Case ID: ill-app_194/html/0011-01.html
Source: Caselaw Access Project
Author: {"author": "Mr. Justice Scholpield", "license": "Public Domain", "url": "https://static.case.law/"}
Date Created: 2024-08-24T03:29:51.129683

Gray Coal Company, Appellee, v. Danville, Urbana & Champaign Railway Company, Appellant.
    (Eot to be reported in full)
    Appeal from the Circuit Court of Vermilion county; the Hon. E. R. E. Kimbrough, Judge, presiding.
    Heard in this court at the April term, 1914.
    Affirmed.
    Opinion filed May 26, 1915.
    
      Certiorari denied by Supreme Court (making opinion final).
    Statement of the Case.
    Action in case by the Gray Coal Company against the Danville, Urbana & Champaign Bailway Company to recover damages to a coal mine and machinery alleged to have been caused by the construction and maintenance of a railroad bridge over a stream about one-half mile below appellee’s property, with' bents and piling so closely together as to make an obstruction, which permitted an ice gorge to form and caused the water to overflow the river’s banks and flood the appellee’s mine. There was a verdict and judgment against appellant for $5,000, from which it appeals.
    
      The court refused to permit appellant to show a conversation had before the overflow in question with the managers of appellee company in regard to there being no levee across the end of the strip mine to protect it from overflow.
    A witness testified for the appellee as an expert that appellant’s bridge was insufficient to take care of ice and water at a time when ice was going out of the stream. He testified that he was k civil engineer; that upon his graduation from a technical college he became bridge draftsman in the engineering department of the city of Chicago; that he was promoted to engineer in charge of bridges; that he was subsequently advanced to the position of superintendent of bridges in that city, which position he held for ten years; that after he left the employment of the city he entered into the bridge construction business in which he had been engaged for over ten years. He thereafter gave substantially the same answer to a hypothetical question to which no objection was interposed or motion made to exclude the answer.
    The court permitted the appellee to amend its declaration after verdict so as to correspond with the evidence at the trial, which did not change the theory on which the case was tried.
    The reasonableness of the verdict was not questioned in the appellant’s original brief, but was first raised in its reply brief, and also in its petition for a rehearing.
    Charles Troup and H. M. Steely, for appellant; George W. Burton, of counsel.
    Acton & Acton, for appellee.
    
      
       See Illinois Notes Digest, Vols. XI to XV, and Cumulative Quarterly, same topic and section number.
    
   Mr. Justice Scholpield

delivered the opinion of the court.

Abstract of tlie Decision.

1. Railroads, § 348 —evidence in action for obstructing stream. In an action against a railway company for the flooding of a mine as the result of the piling and bents of a bridge being placed so closely together in a stream as to permit an ice gorge to form, the defendant cannot show a conversation had with the manager of the mine previous to the overflow, with regard to the absence of levees across the end of the mine strip to protect it from the water.

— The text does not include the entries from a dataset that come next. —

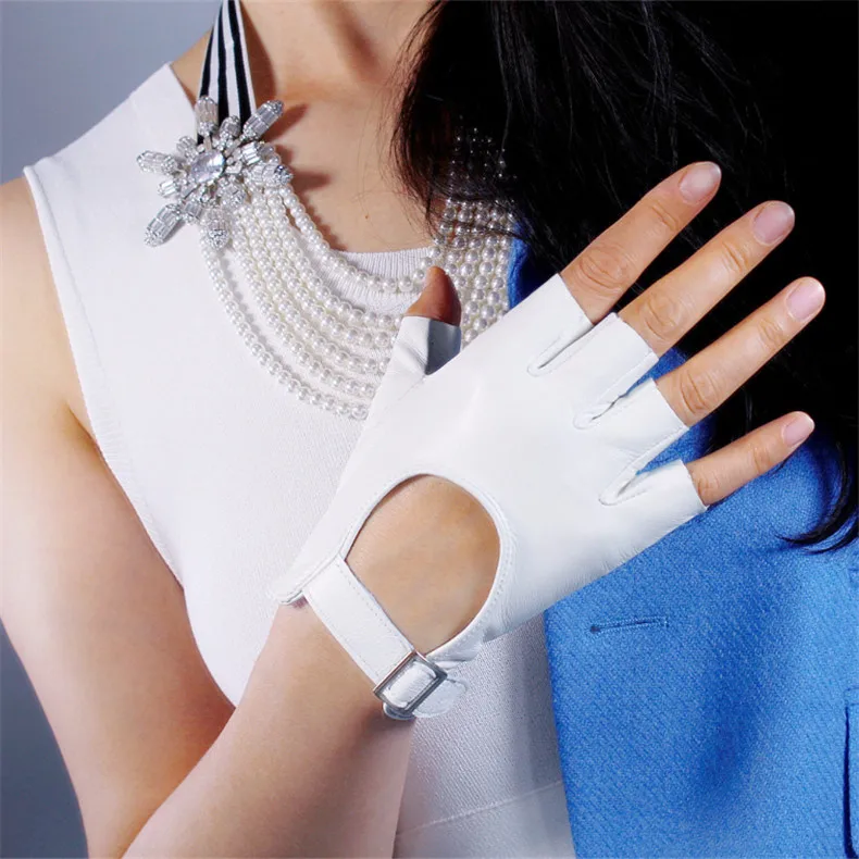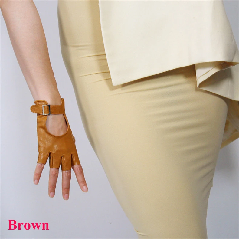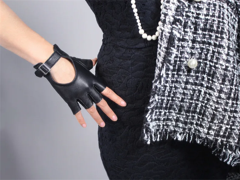 Женские перчатки без пальцев, из натуральной кожи, с полупальцами
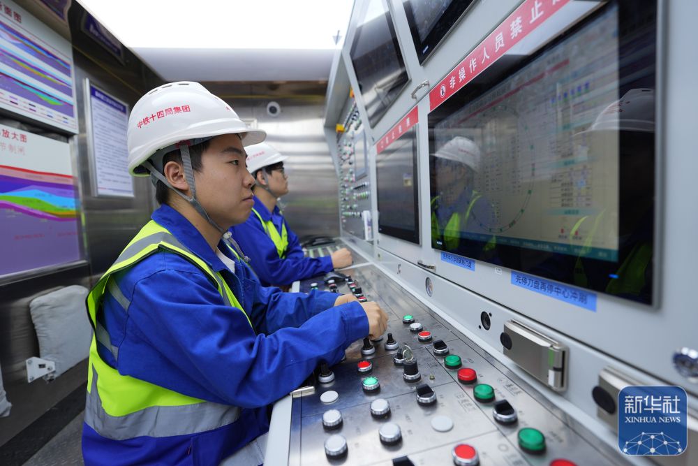 2月25日,中鐵十四局技術(shù)人員在甬舟鐵路金塘海底隧道“甬舟號”盾構(gòu)機操作室關(guān)注設備運行情況。
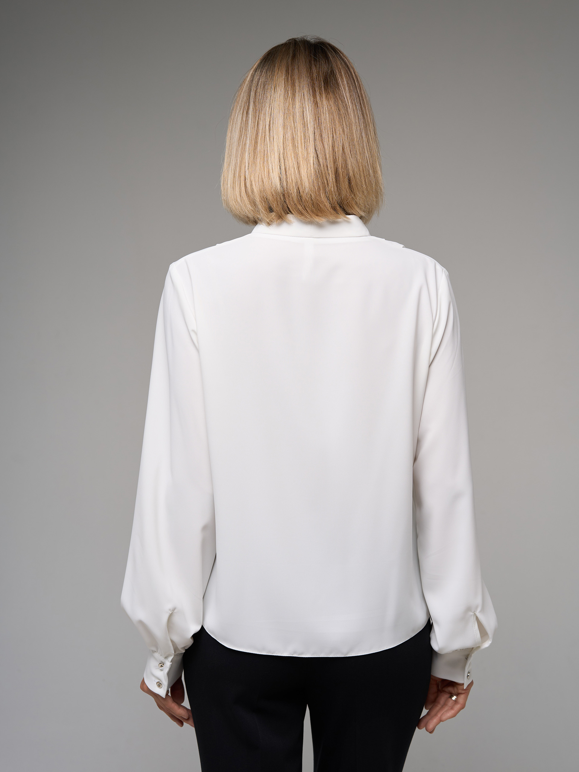 Блузка с мягкими складками у ворота, и стойкой, из струящейся шелковистой утяжеленной ткани.
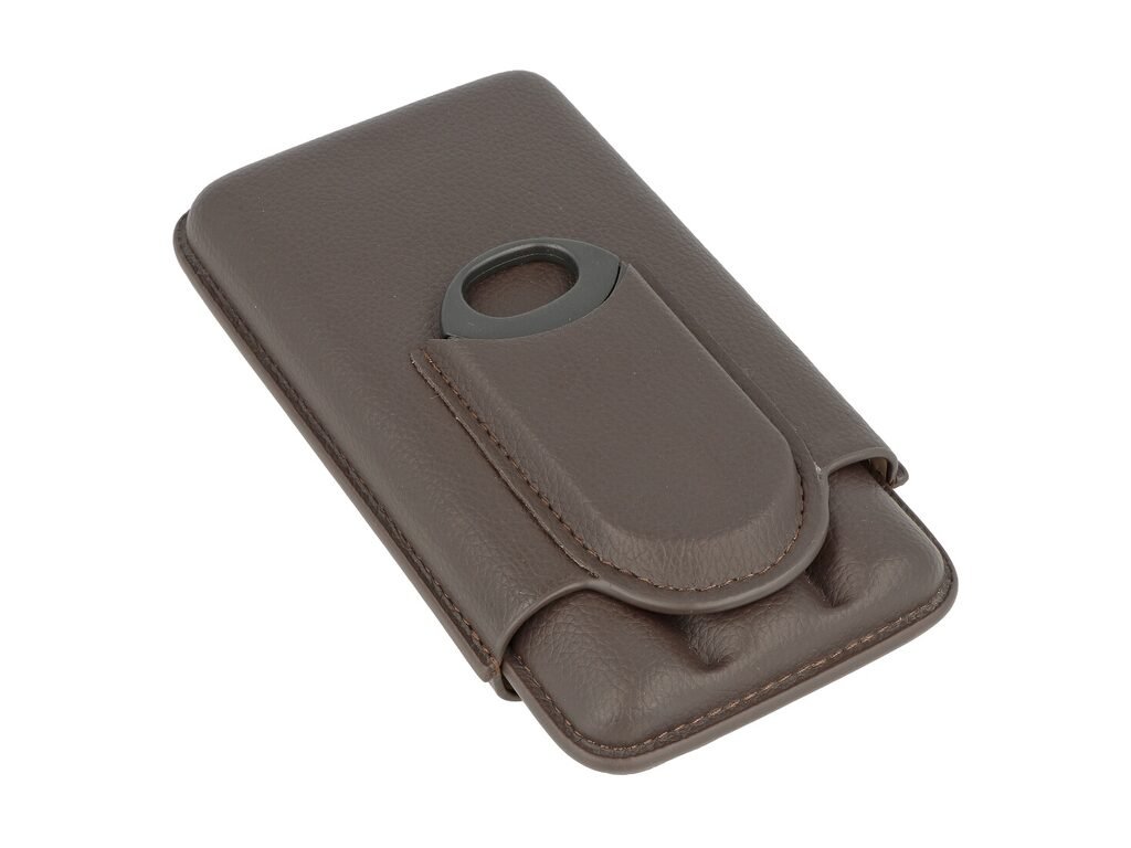 Koženkové pouzdro na tři doutníky s ořezávačem. Doutníkové pouzdro vyrobené z kvalitní koženky ve tmavě hnědé barvě má jemně texturovaný povrch. Na přední straně najdeme kapsu, ve které je uschován dvoubřitý plastový ořezávač na doutníky. Pouzdro pojme tři kusy doutníků o průměru 24 mm, které ochrání před poškozením. Pouzdro na doutníky je dodávané v kartonové krabičce.Vnitřní prostor pro doutníky (délka doutníku): max. 163 mm
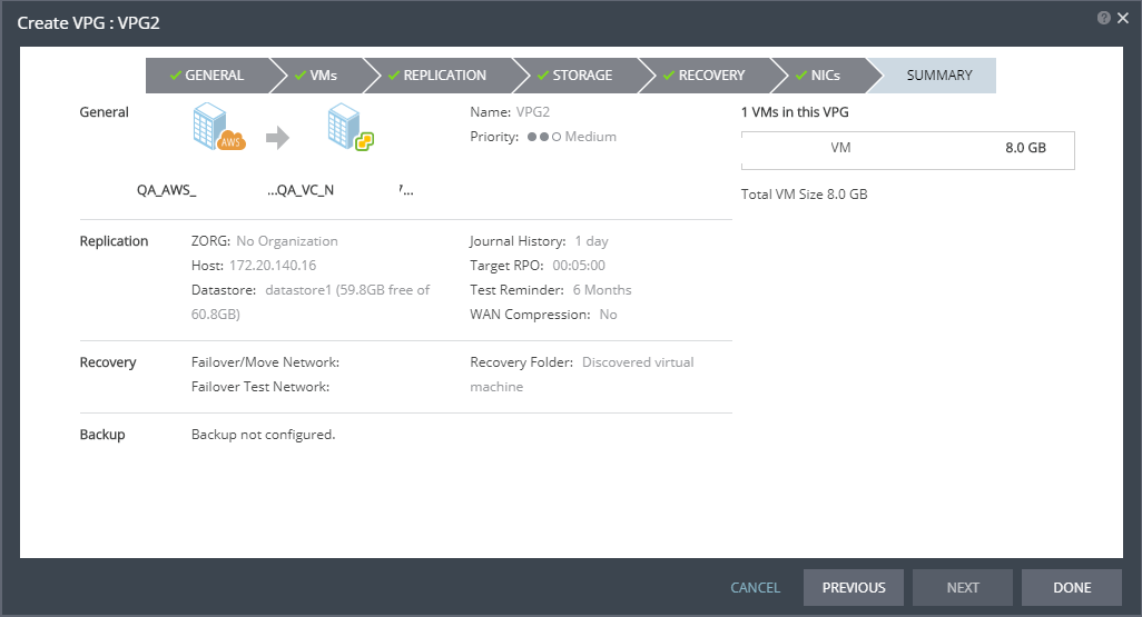 The storage/datastore used for the journal data for each virtual machine in the VPG. | (vSphere) To change the default, specify a host and then select one of the datastores accessible by this host to be used as the journal datastore. When you select specific journal datastore, the journals for each virtual machine in the VPG are stored in this datastore, regardless of where the recovery datastores are for each virtual machine. In this case, all the protected virtual machines must be recovered to hosts that can access the specified journal datastore. (Hyper-V) To change the default, specify a host and then select the storage location accessible by this host to be used as the journal storage. When you select specific journal storage, the journals for each virtual machine in the VPG are stored in this storage, regardless of where the recovery storage is for each virtual machine. In this case, all the protected virtual machines must be recovered to hosts that can access the specified journal storage. |

2. Railroads, § 333a —when landowner bound to anticipate overflow of stream from obstruction. A mining company is not obliged to anticipate the flooding of a mine from the negligence of a railway company in placing the piling and bents of a bridge so closely together as to cause an ice gorge to form in a stream.

3. Railroads, § 333a*—when landowner must minimize damages from overflow of stream. After the overflow of a stream as the result of the negligence of a railway company in placing the piling and bents of a bridge so closely together as to permit an ice gorge to form in a stream, it is the duty of a mine owner to make his loss as light as possible from the overflow flooding his mine.

4. Railroads, § 348*—when witness qualified to give opinion as to obstruction of stream. A witness held qualified as an expert to testify as to the sufficiency of a railway bridge to care for ice and water when the ice was going out from a stream.

5. Appeal and error, § 550*—when appellant limited to objections made in trial court. Where the testimony of a witness was admitted over an objection that he had not qualified as an expert, the fact that his testimony was objectionable on other grounds will not be considered on appeal.

6. Appeal and error, § 1618*—when error cured by subsequent admission of evidence without objection. Where the opinion of a witness was admitted over an objection that he had not qualified as an expert, any error therein becomes harmless when the witness afterwards is permitted, without objection or a motion to strike out his answer, to give substantially the same testimony in answer to a hypothetical question.

7. Appeal and error, § 1100*—questions raised in reply brief. The question whether a verdict is excessive will not be considered on appeal when raised for the first time in the appellant’s reply brief.